Our results show a dominant geographical signal. In our analysis, several groups considered to be only distantly related to other Philippine languages are strongly supported as sister groups to their geographic neighbors. The Kalamian micro-group, previously not considered a close relative of any other micro-group48, is grouped with Palawanic with strong support (pp = 1.0). The Northern Mangyan languages have been considered as relatives of the Central Luzon group49,50, but here we find strong support for a relationship with the Southern Mangyan languages, also from the island of Mindoro, in agreement with a lexicostatistical study51. Manide-Alabat, considered a deep branch of Philippines not closely related to any other17, is grouped with neighboring Tagalog along with Sinauna. Conversely Kagayanen, a geographically isolated outlier of the Manobo micro-group, does not group with other Manobo languages.
The dominant geographical signal in our results may partly be explained by an initial rapid Out-of-Taiwan dispersal producing a widely dispersed, undifferentiated Proto-Language. This scenario would be expected to initially produce a rake-like tree topology7, with later borrowing due to contact the only remaining signal in the data. This explains the recovery of the unusual groupings listed above.
In addition to the effects of borrowings, our results are also consistent with the hypothesis that the languages of the Philippines form a linkage40,52. This linkage effect is shown by the unstable relationships in the deeper branches of the tree, best demonstrated by the changing position of Central Luzon, which is generally grouped with Northern Luzon, but also sometimes with Tagalog (Fig. 3).

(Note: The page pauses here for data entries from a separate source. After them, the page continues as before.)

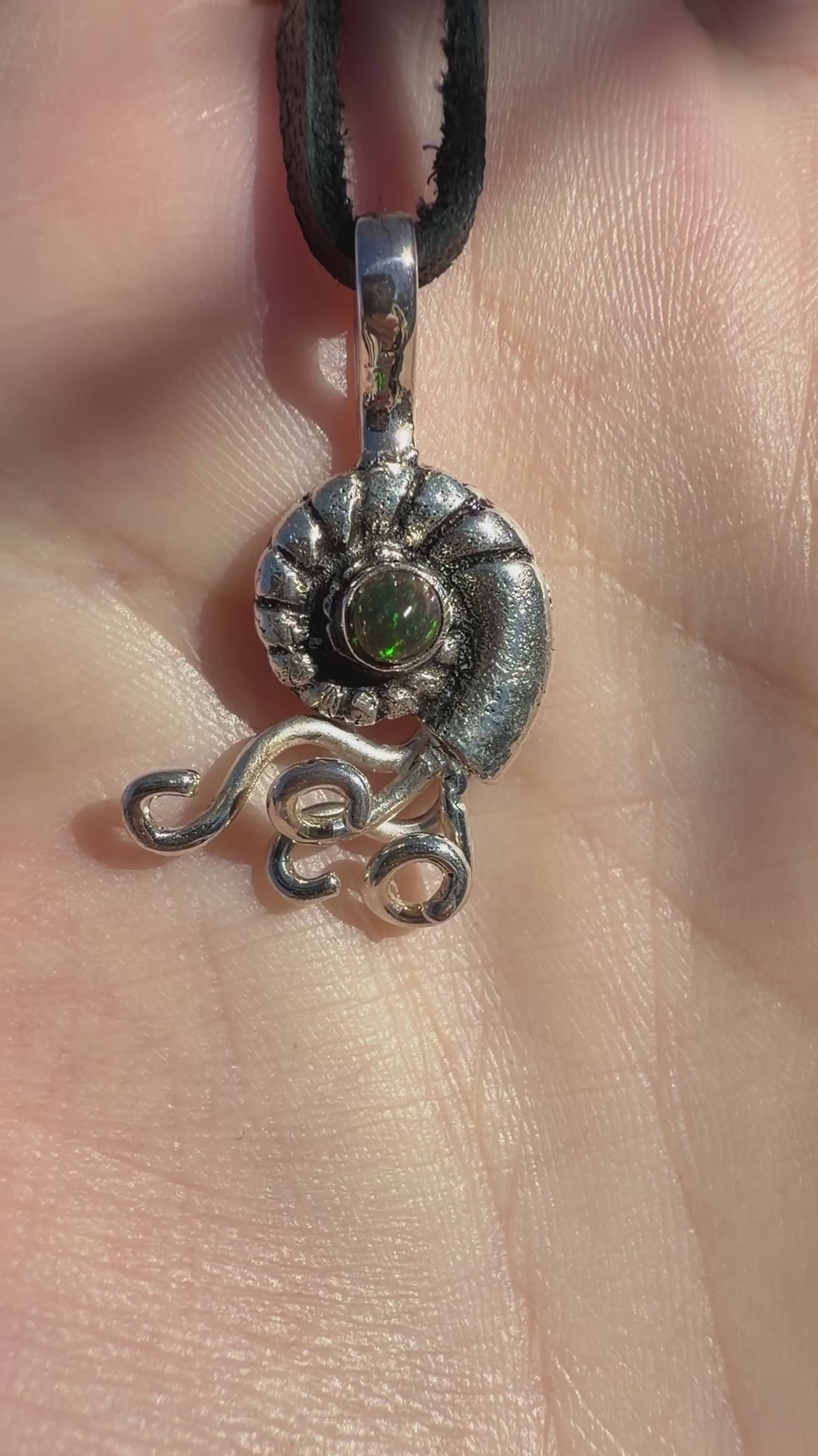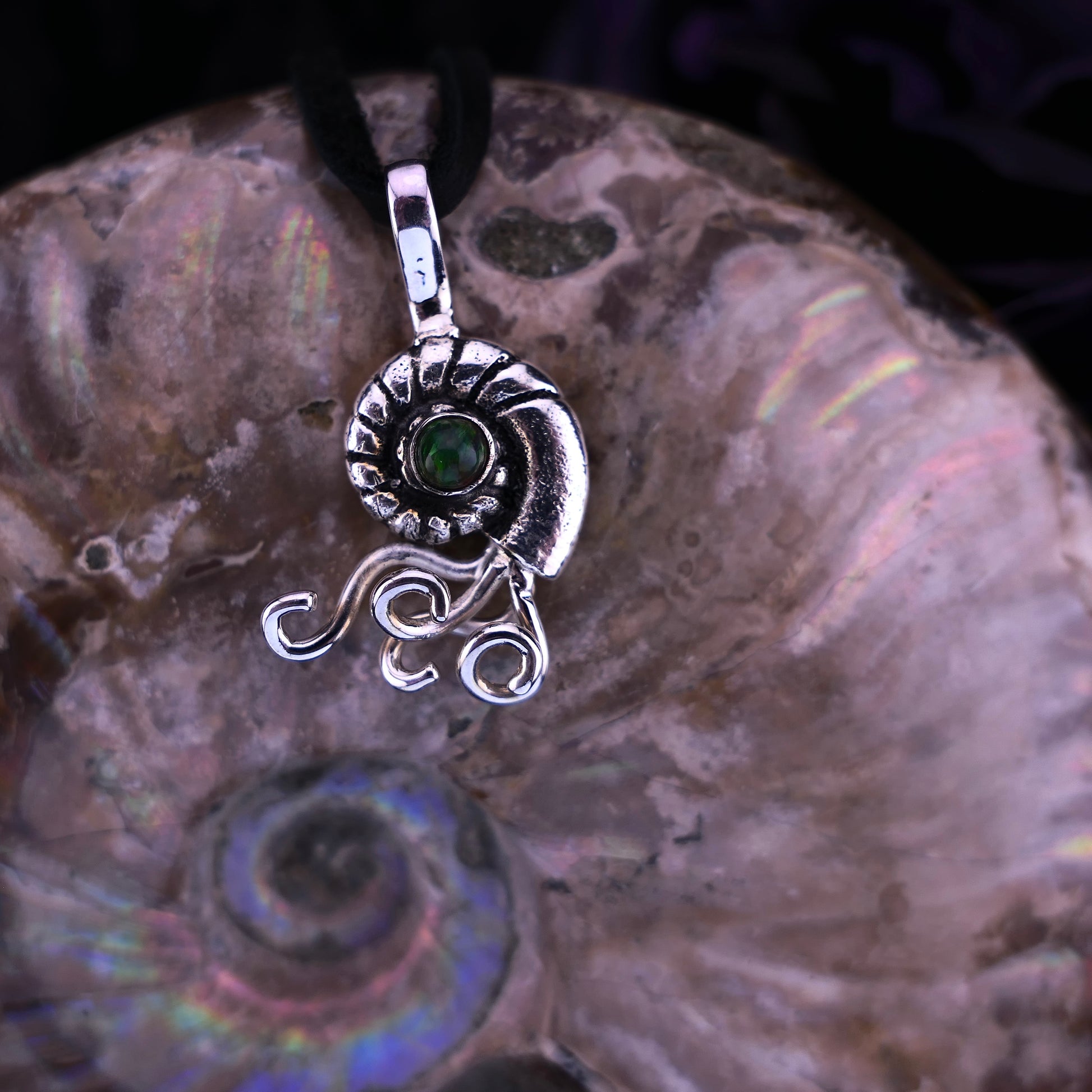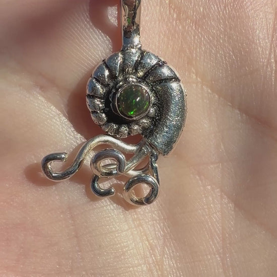 Born of tide and transformation, this ammonite pendant holds a tiny flare of ancient light. Sculpted in fine silver and darkened for contrast, its spiral form suggests deep-sea memory and fossil mystery—while the gleam of opal glints like a trapped green current.
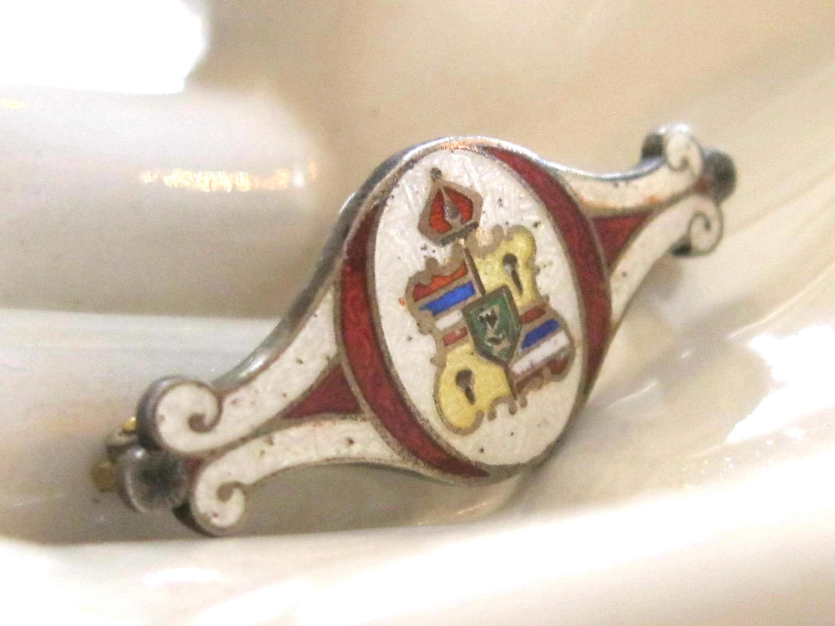 Highly rare and collectible antique sterling silver Hawaiian coat of arms brooch:
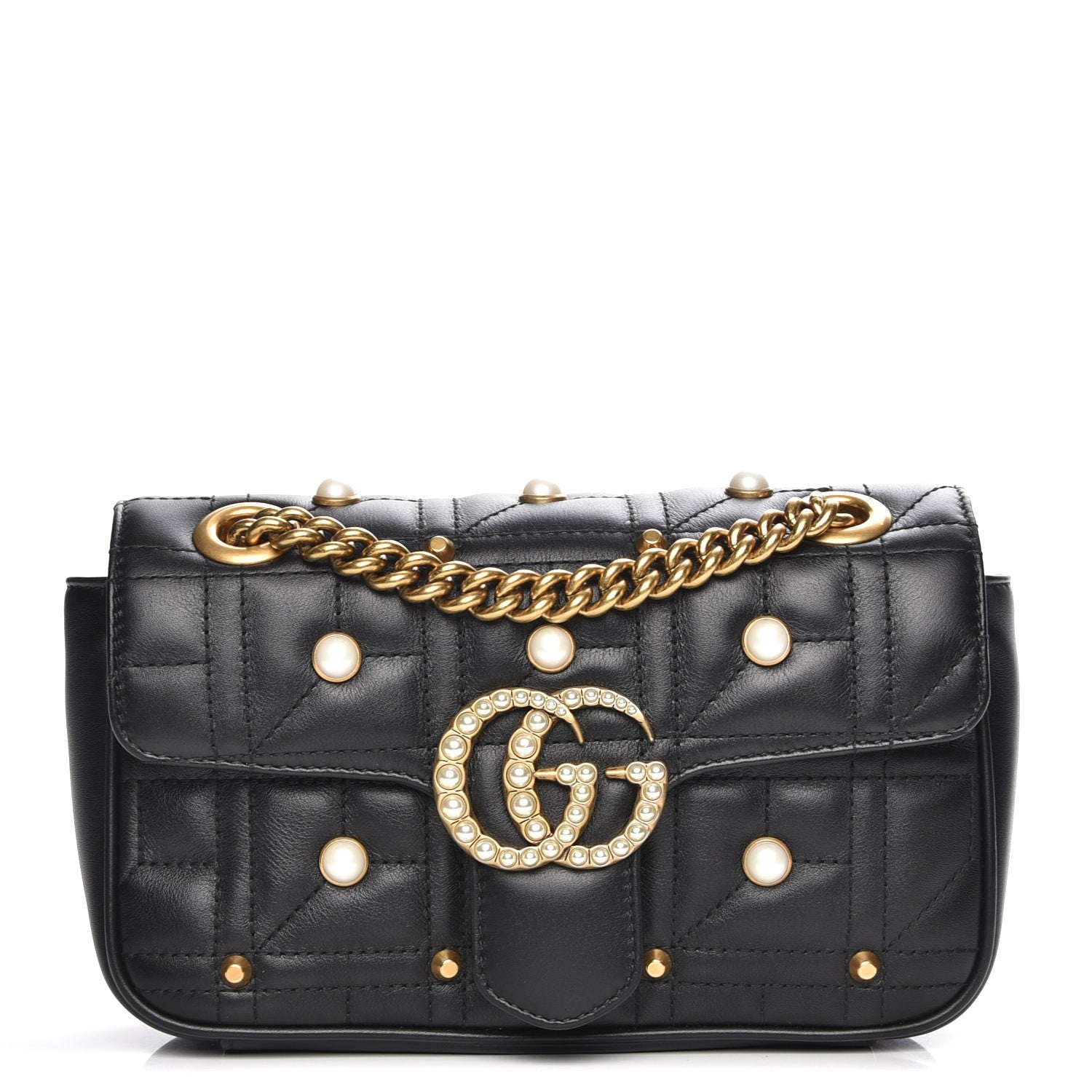 Detalhes: Bolsa Gucci Marmont confeccionada em couro na cor preta. Modelo possui textura matelassê, com aplicações em perolas, alça de ombro, aba superior dobrável e GG em metal com perolas. Parte interna em camurça nude, com compartimento único e um bolso, com zíper. Ferragens douradas. Fechamento por encaixe.
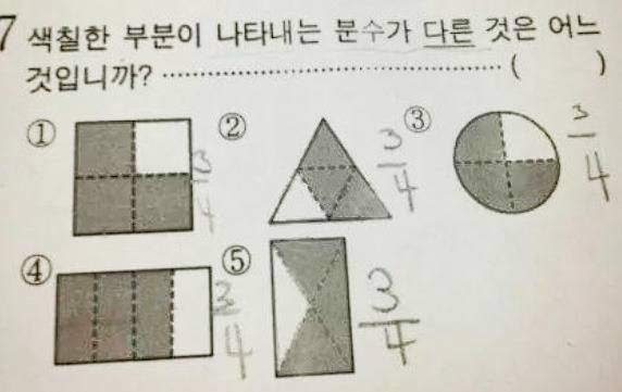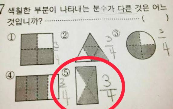 이 문제의 정답 해설을 보면, 분수는 기본적으로 "등분" 즉 같은 크기로 나누는 것을 의미한다고 합니다. 1번부터 4번까지는 같은 모양 크기의 정확한 3/4인데.. 5번도 3/4 처럼 보이는 이유는 4개중에 3개라고 오해해서 그냥 3/4인 것 처럼 보이지만 5번은 같은 크기가 아니라서 3/4이라고 하면 안된다고 합니다. 그래서 정답은 5번입니다.
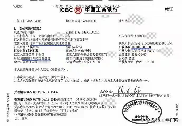 “中国首善”陈光标是真的捐了1000万元,嫣然医院发表了“感谢证书”算是对这件事
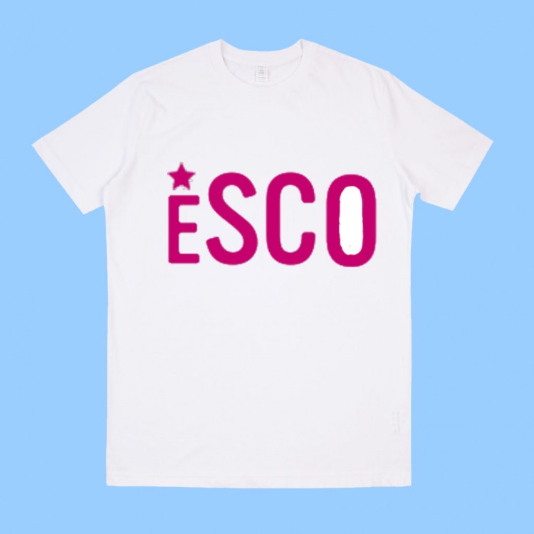 PSCO501 White Short Sleeve T-Shirt with Pink ESCO Print

Gorontalo-Mongondow languages contain different layers of cognate sets, reflecting a possible migration event followed by diffusion between neighboring languages. The evidence from cognate sets (Fig. 4) is consistent with the following scenario (Fig. 6). First, during the initial spread of MP languages in the Philippines, the Sangiric and Minahasan micro-groups split from the rest of the Philippine languages. From this initial period, Gorontalo-Mongondow languages retain a number of cognate sets that are innovations shared with all the other Philippine languages except Sangiric and Minahasan (Fig. 6A). Later, the languages in the Philippines proper underwent a broad North vs South/Central split, during which time Greater Central Philippines cognate sets were acquired (Fig. 6B). In the final stage, People speaking Proto-Gorontalo-Mongondow migrated to northern Sulawesi44, following which cognate sets unique to the languages of northern Sulawesi spread by diffusion (Fig. 6C). The result is a conflict between different parts of the lexical data, some showing the historical signal, and others the geographic/diffusion signal. The latter pulls Gorontalo-Mongondow into an earlier branching part of the tree than it might otherwise be (Fig. 6, bottom panels), and leads to an unstable phylogenetic position (Fig. 3).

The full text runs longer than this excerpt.